How the Collapse of Local News Is Causing a ‘National Crisis’

Copies of the Warroad Pioneer sat on a table at the paper’s office in Warroad, Minn., on May 7, the day the paper published its final edition after 121 years.

“This was a national...

“This was a national crisis,” Ms. Nossel said. “This was not about a few isolated areas that were drying up.”

Many Americans are completely unaware that local news is suffering. According to a Pew survey earlier this year[1], 71 percent of Americans believe that their local news outlets are doing well financially. But, according to that report, only 14 percent say they have paid for or donated money to a local news source in the past year.

“They don’t realize that their local news outlet is under threat,” said Viktorya Vilk[2], manager of special projects for PEN, who was one of the report’s authors.

The decline of local news outlets threatens the reporting on public health crises in places like Flint, Mich., where residents voiced concern about the quality of their water to the Flint Journal long before the national media reported on the issue.

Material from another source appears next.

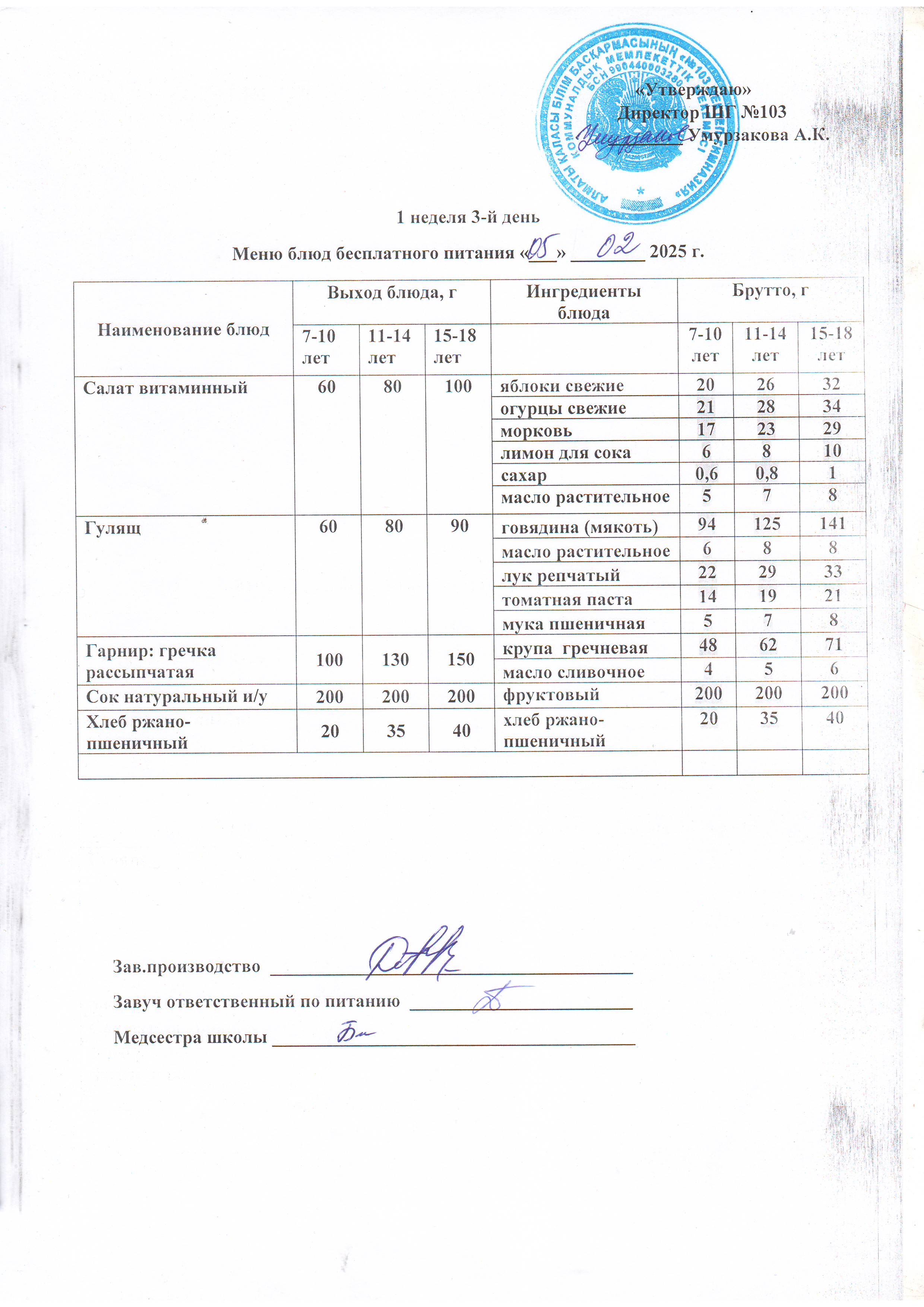 Сәрсенбілік асхана тағамдары, ас мәзірі » КГУ "Школа-гимназия №103" Управления образования г.Алматы

In Denver, a diminished local news presence — after the closure of the Rocky Mountain News and the shrunken Denver Post — has contributed to civic disengagement, one case study in the report says. Kevin Flynn, a former journalist turned City Council member, lamented the large number of people who seemed to be unaware of local elections, and the relative handful of reporters covering a quickly growing city. “It feels like we could all be getting away with murder right now,” Mr. Flynn said of public officials.